Late last spring, Kate, Roy and I rode the new Link light rail line 2 from south Bellevue to Redmond. Getting off at each station, we sketched briefly before hopping back on. In addition to simply having fun, we were also scouting the route for a potential USk outing. Since most stations have enough sheltered areas that the outing could work during transitional seasons, we pushed it to fall.

As it turned out, Saturday’s drizzle didn’t faze any of the enthusiastic sketchers who showed up. In fact, I was impressed and surprised by the number of sketchers who did exactly what Kate, Roy and I did. Blitz-sketching at each station, they got right back on when the next train came and made it to the northern-most Redmond station in time for the throwdown!

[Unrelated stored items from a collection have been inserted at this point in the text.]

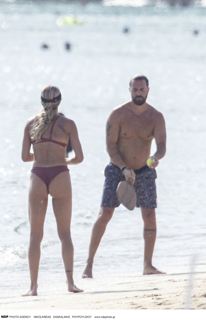 Ο φωτογραφικός φακός απαθανάτισε το γνωστό τραγουδιστή με την αγαπημένη του σε μία από τις πολυσύχναστες παραλίες του νησιού.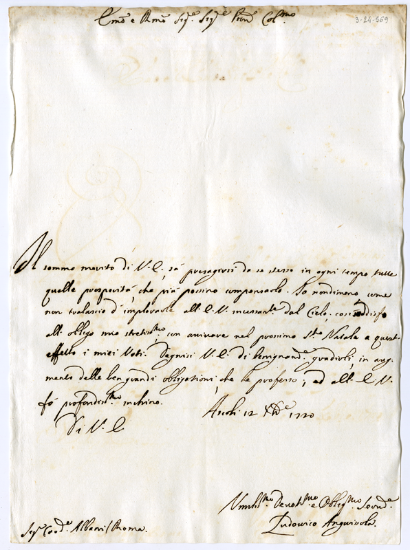 Lettera di Ludovico Anguissola al cardinale Annibale Albani (1720 dicembre 12)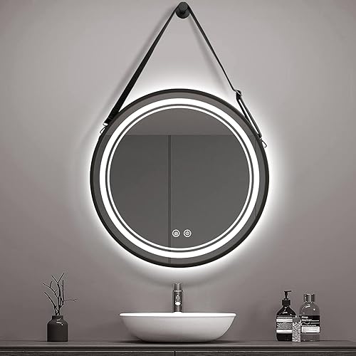 Agrichamer Miroir de salle de bain rond à LED avec anti-buée, 3 températures de couleur et intensité variable en continu, miroir mural pour lavabo avec sangle, miroir rétroéclairé sur le devant (60 cm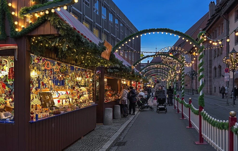 Η χριστουγεννιάτικη περίοδος έχει ήδη ξεκινήσει, και μέχρι την παραμονή των Χριστουγέννων, τους επισκέπτες περιμένει η αγορά της, η Christkindlesmarkt που είναι από τις παλαιότερες στη χώρα με πάγκους γεμάτους παιχνίδια, καρουζέλ και παραδοσιακές γερμανικές λιχουδιές, όπως το λουκάνικο bratwurst ή τα περίφημα αρωματικά μελομακάρονα Lebkuchen. Ενώ το βράδυ οι επισκέπτες συνεχίζουν τη διασκέδασή τους στα μπαρ της περιοχής, με κούπες αχνιστού glühwein και τοπική καπνιστή μπύρα.
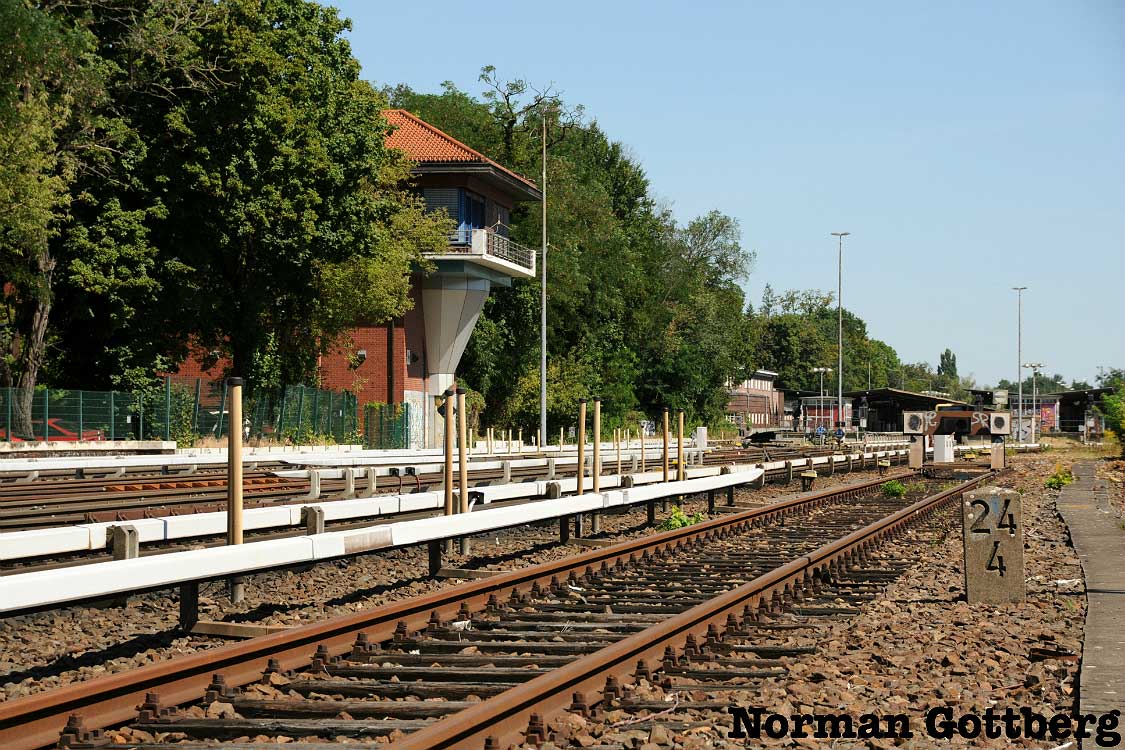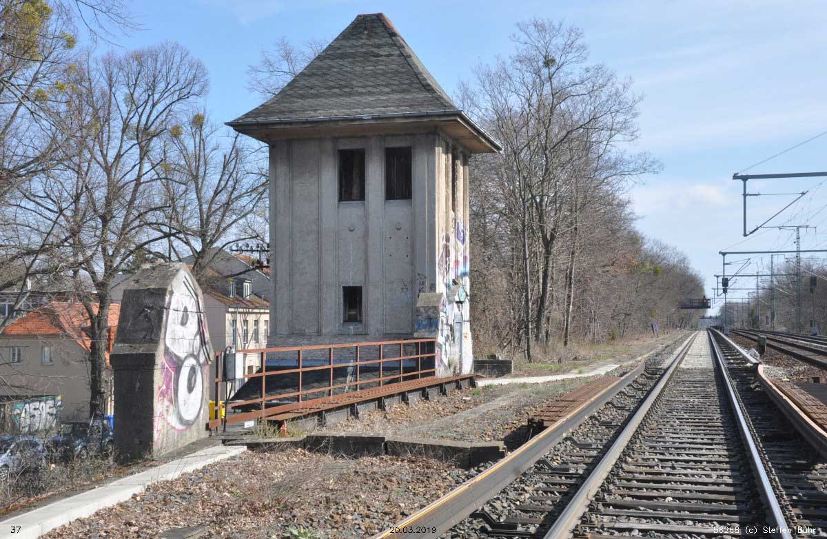km 19,23 der Strecke (Berlin Schlesischer Bf 0,0) - Charlottenburg 11,26 - km 14,55 - Auswanderer Bf Ruhleben 18,29 - Spandau Hbf 19,23 (F) | |||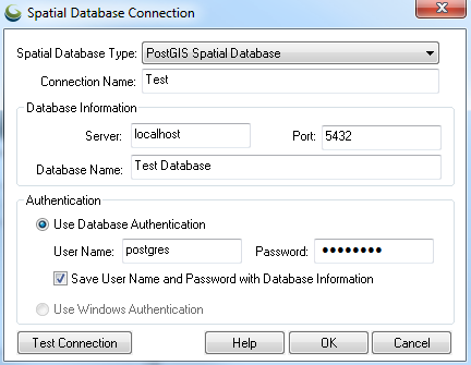 Complete this form by choosing OK. The new connection will now show in the Spatial Database Connection Manager.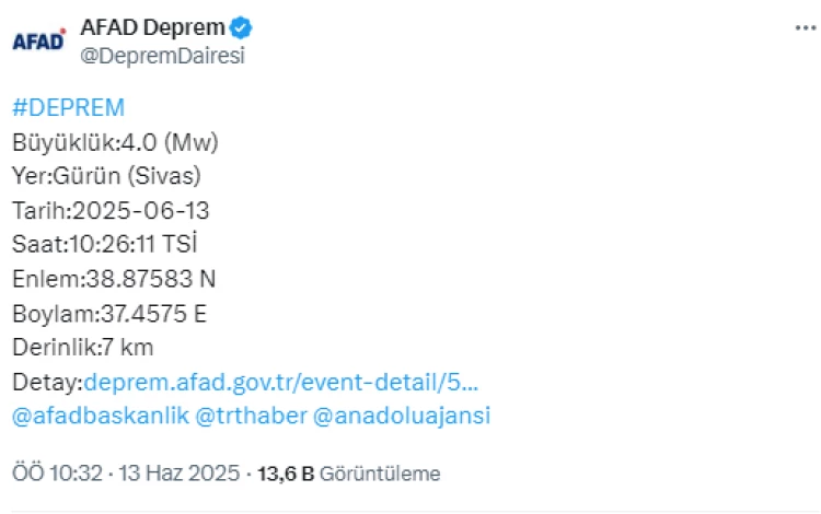 ANKARA (İGFA) - AFAD verilerine göre, merkez üssü Sivas'ın Gürün ilçesi olan 4 büyüklüğünde deprem kaydedildi.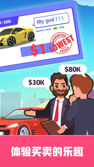 3、游戏采用3D卡通渲染风格,视觉体验轻松活泼,贴合各个年龄段的审美习惯,同时真实还原了二手车交易流程,增强了沉浸感。
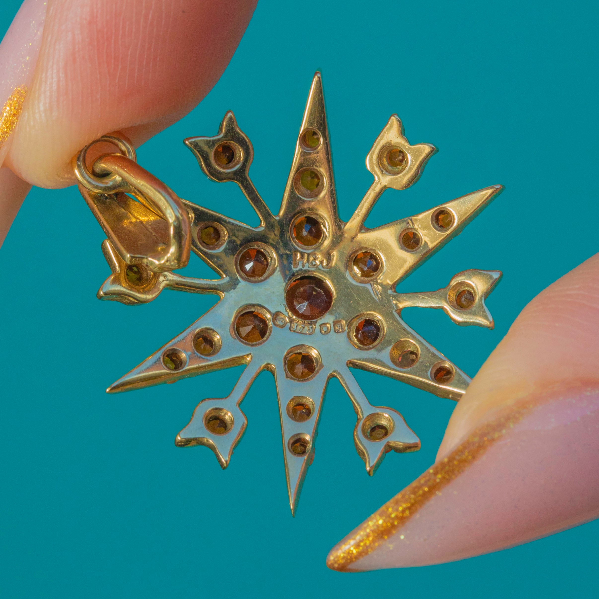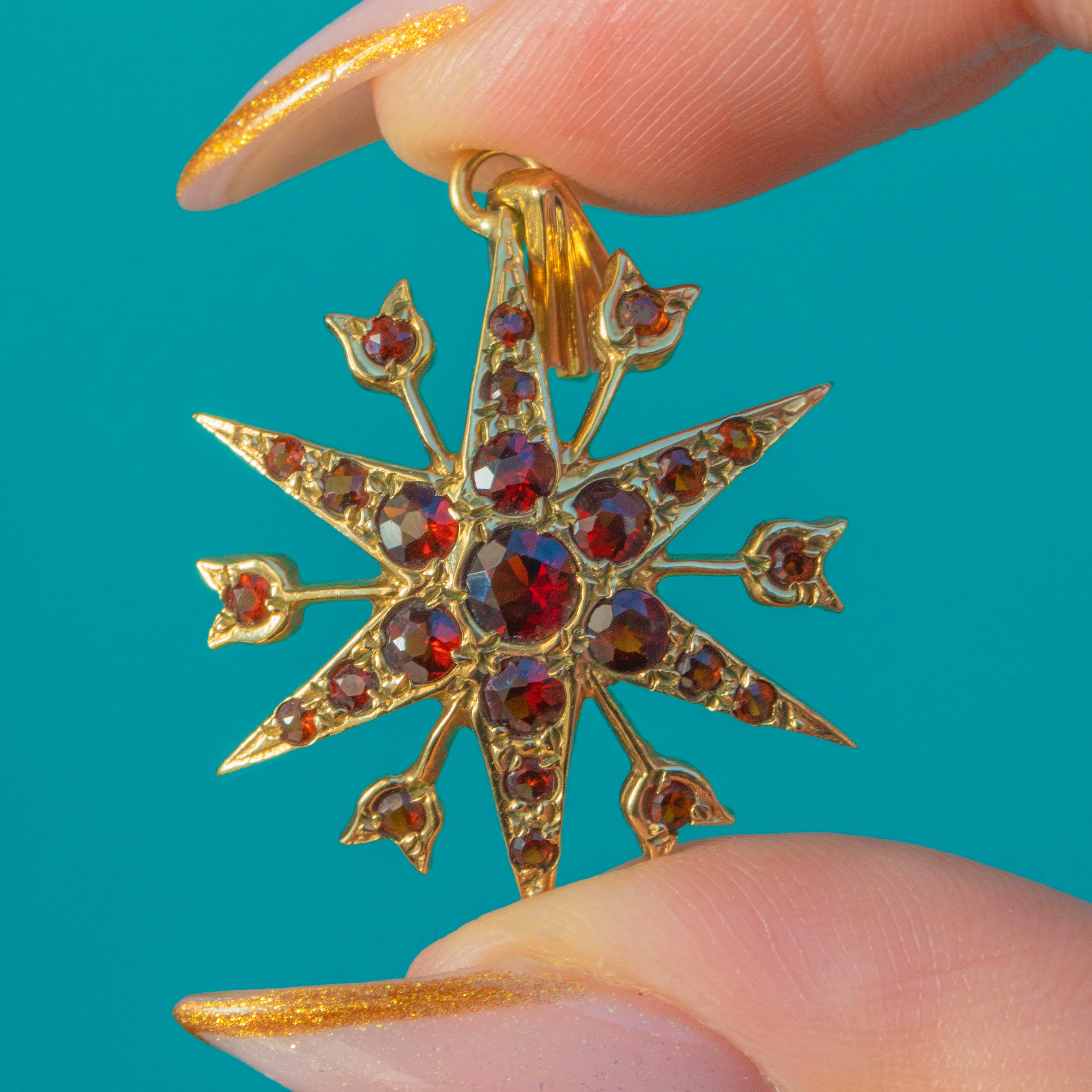 A vibrant Vintage star pendant crafted in solid 9ct Yellow Gold and set with rich, glowing red Garnets. Made in 1982 and fully hallmarked, this dramatic starburst design features layered rays and heart-shaped tips, each adorned with sparkling faceted Garnets that catch the light beautifully.

Making one stop at Warburton Station to grab lunch at Whole Foods, I made a quick sketch of the light rail supports, which always make an interesting composition. After that, since I already did the whole tour in May, I saved most of my sketching time for Redmond Technology Station. Microsoft’s extensively landscaped pedestrian/bike overpass is challenging fun to sketch. (Both sketches above.)

Sketcher Jyoti works for Microsoft in one of the many buildings on the tech company’s main campus on the far end of the overpass. Walking with me, she noted key points of interest, such as the archway behind the colorful Microsoft “windows” (likely a good selfie spot for new employees and visitors). The triangular structure covered with foliage is a cave-like space where employees can take a break from all the glass and concrete. At lower left is a distant view of the pedestrian overpass. (Sketches below.)

Microsoft's main campus, Redmond

After the throwdown, most of us rode the train back to the southend park-and-ride lot, so I had time to sketch a few of my co-sketchers as well as other commuters. A fun day!






A green escape from glass and concrete

Sunday, September 15, 2024

Blood Pressure Control

 

9/10/24 Sketched from live broadcast

Political debates can be difficult to view, and presidential ones are certainly among the worst. I find that it helps to calm me when I sketch from the live broadcast. I can still listen (though often I wish I couldn’t), but focusing on capturing the candidates’ likeness (or lack thereof!) keeps my blood pressure down.

Last week’s debate between Harris and Trump was the fourth presidential debate that I have sketched. I think my first (between Clinton and Trump in 2016) is still my most memorable due to my special viewing “seat.” I also sketched the 2020 debacle and the one a couple months ago.